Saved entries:

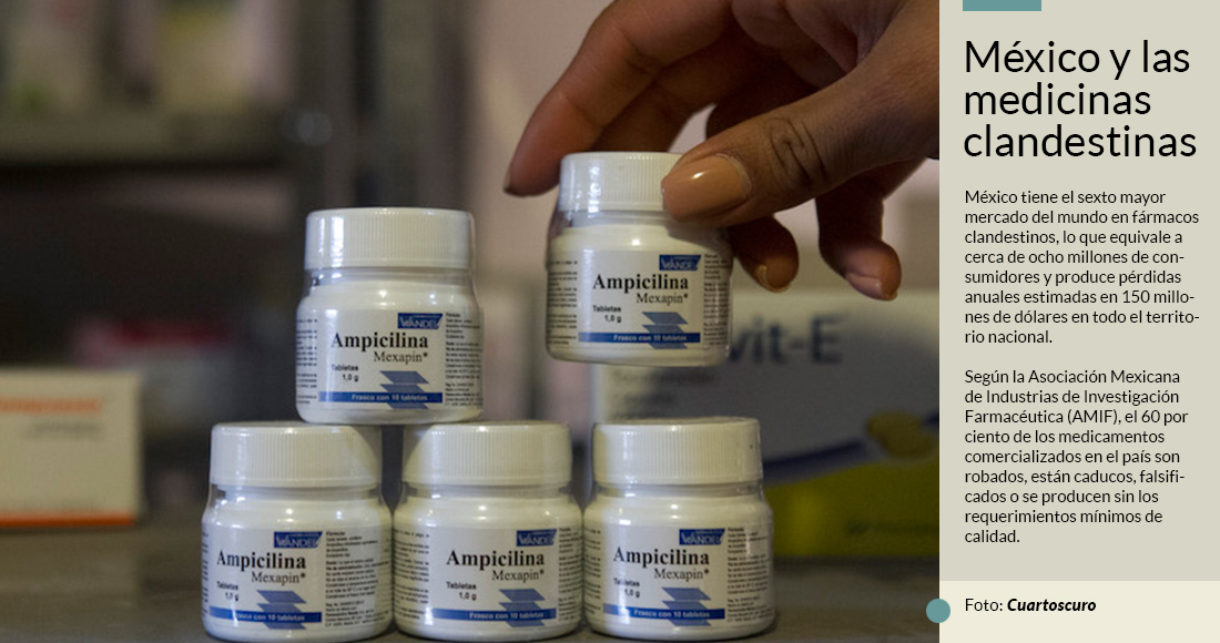 Según la Asociación Mexicana de Industrias de Investigación Farmacéutica (AMIF), el 60 por ciento de los medicamentos comercializados en el país son robados, están caducos, falsificados o se producen sin los requerimientos mínimos de calidad.
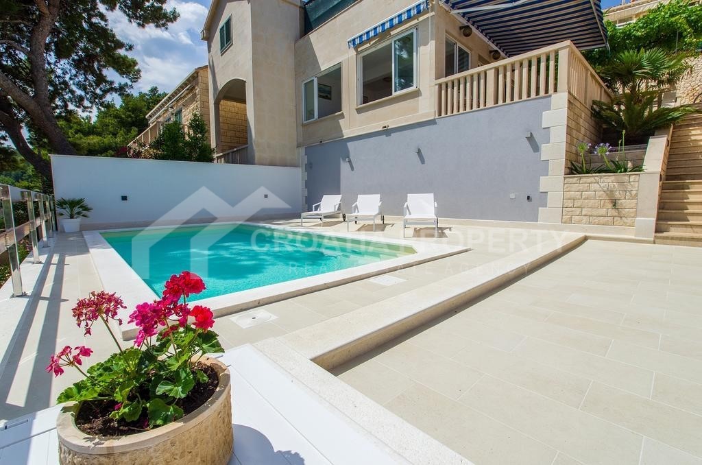 Vila blizu mora na prodaju Brač, sada je na raspolaganju vrlo prostrano imanje smješteno na području Selca na otoku Braču. Vila ima tri etaže (prizemlje, prvi i drugi kat), dok je ukupna površina 320m2. Sastoji se od tri odvojena apartmana s ukupno 7 spavaćih soba i 9 kupaonica. Upravo je dovršena renovacija cjelokupnog prvog kata kuće. Štoviše, kuća ima lijepu natkrivenu terasu s izvanrednim pogledom na more. Vrt koji je dobro održavan i prepun raznih mediteranskih biljaka također nudi i bazen sa sunčalištem i 4 parkirna mjesta. Druga važna prednost je dodatni objekt koji je namješten kao restoran, pa je ova vila više nego idealna za nekoliko obitelji ili kao nekretnina za iznajmljivanje. Ova lokacija je mirna, u neposrednoj blizini mora i poznatih bračkih plaža. Vlasništvo je potpuno.
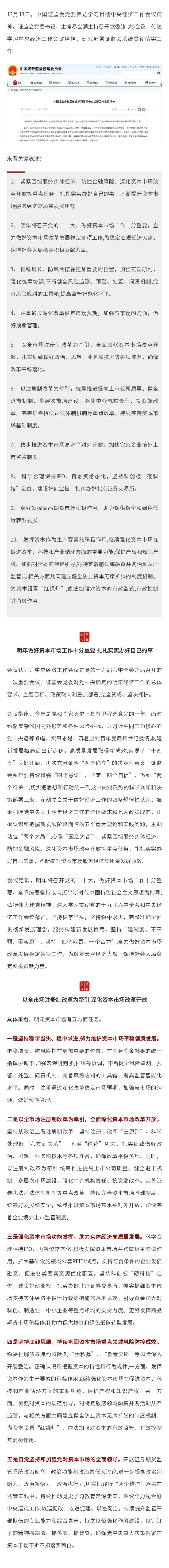 原标题:重磅!证监会部署明年五大改革任务,确保全市场注册制平稳落地,加快完善境外上市制度…来看十大要点 来源:证券时报网
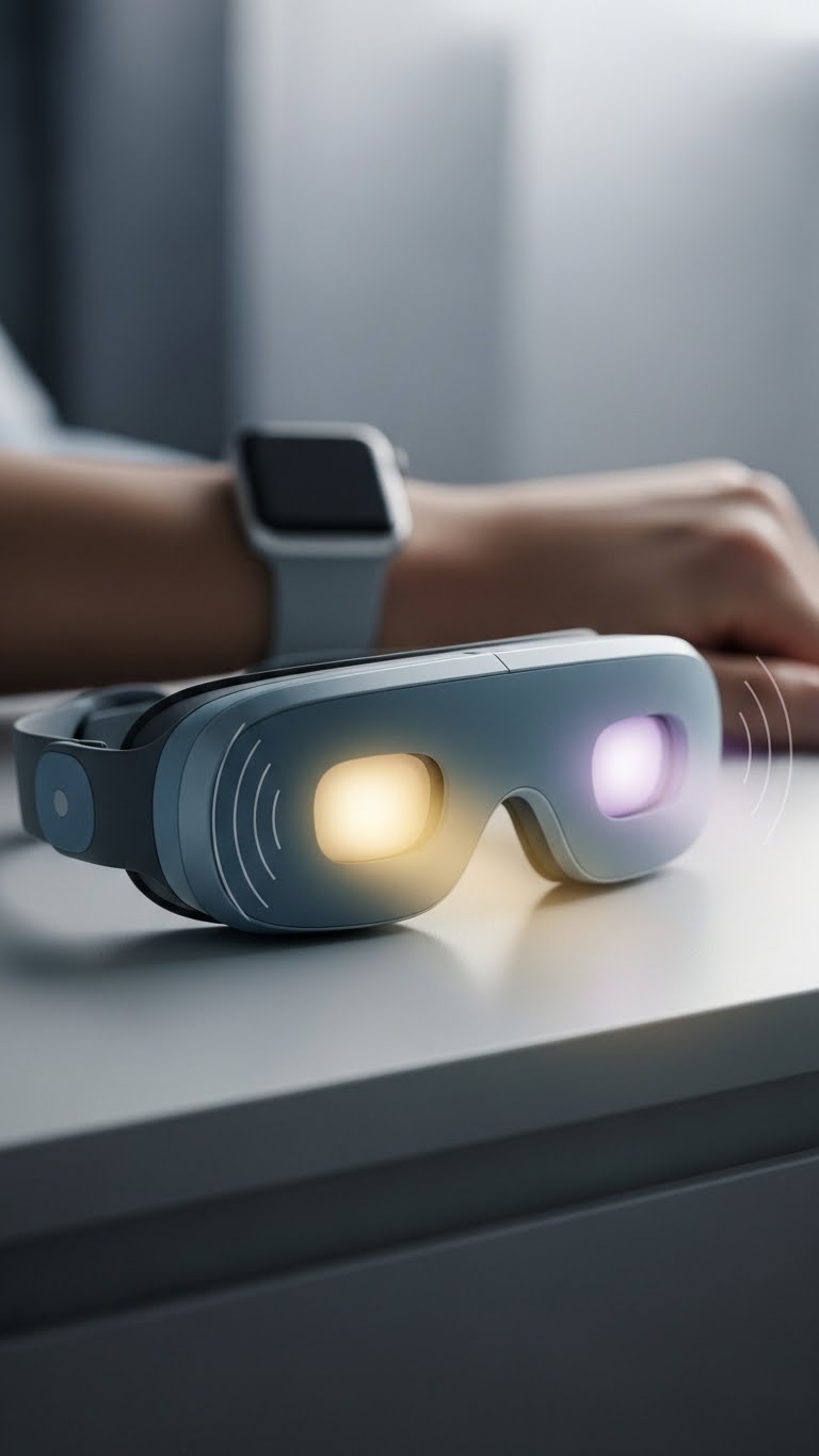 You’ll ease eye strain with targeted light therapy and vibration sessions that speed sleep and reduce tension.
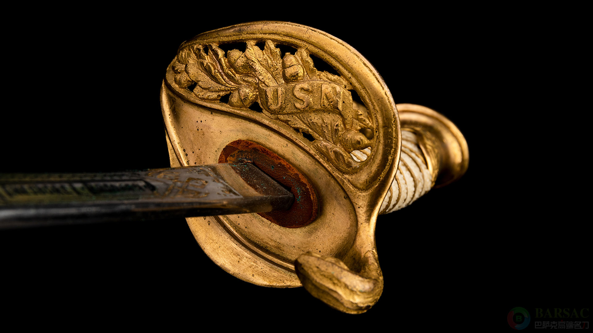 剑柄采用黄铜镀金处理,护腕镂空,带有卷叶浮雕,非常精美。握把为木胆外表包裹珍珠鱼皮并缠绕铜丝装饰,柄尾带有五角星以及海雕的浮雕。原配剑鞘,整件作品保存完好,部件齐全,昔日精英之剑,收藏极具意义。
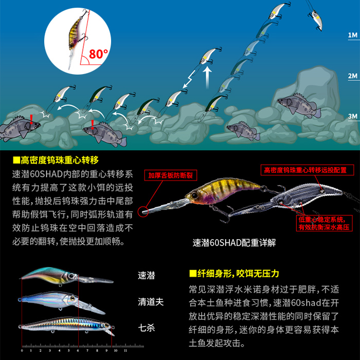 DNE go to Luya speed diving SHAD long tongue plate Mino mandarin fish bass fishing bottom deep water slow floating Jedi bait

> **The task**
Every record above should reappear exactly, with the pictures gone.

> **Answer to the problem**
 Según la Asociación Mexicana de Industrias de Investigación Farmacéutica (AMIF), el 60 por ciento de los medicamentos comercializados en el país son robados, están caducos, falsificados o se producen sin los requerimientos mínimos de calidad.
 Vila blizu mora na prodaju Brač, sada je na raspolaganju vrlo prostrano imanje smješteno na području Selca na otoku Braču. Vila ima tri etaže (prizemlje, prvi i drugi kat), dok je ukupna površina 320m2. Sastoji se od tri odvojena apartmana s ukupno 7 spavaćih soba i 9 kupaonica. Upravo je dovršena renovacija cjelokupnog prvog kata kuće. Štoviše, kuća ima lijepu natkrivenu terasu s izvanrednim pogledom na more. Vrt koji je dobro održavan i prepun raznih mediteranskih biljaka također nudi i bazen sa sunčalištem i 4 parkirna mjesta. Druga važna prednost je dodatni objekt koji je namješten kao restoran, pa je ova vila više nego idealna za nekoliko obitelji ili kao nekretnina za iznajmljivanje. Ova lokacija je mirna, u neposrednoj blizini mora i poznatih bračkih plaža. Vlasništvo je potpuno.
 原标题:重磅!证监会部署明年五大改革任务,确保全市场注册制平稳落地,加快完善境外上市制度…来看十大要点 来源:证券时报网
 You’ll ease eye strain with targeted light therapy and vibration sessions that speed sleep and reduce tension.
 剑柄采用黄铜镀金处理,护腕镂空,带有卷叶浮雕,非常精美。握把为木胆外表包裹珍珠鱼皮并缠绕铜丝装饰,柄尾带有五角星以及海雕的浮雕。原配剑鞘,整件作品保存完好,部件齐全,昔日精英之剑,收藏极具意义。
 DNE go to Luya speed diving SHAD long tongue plate Mino mandarin fish bass fishing bottom deep water slow floating Jedi bait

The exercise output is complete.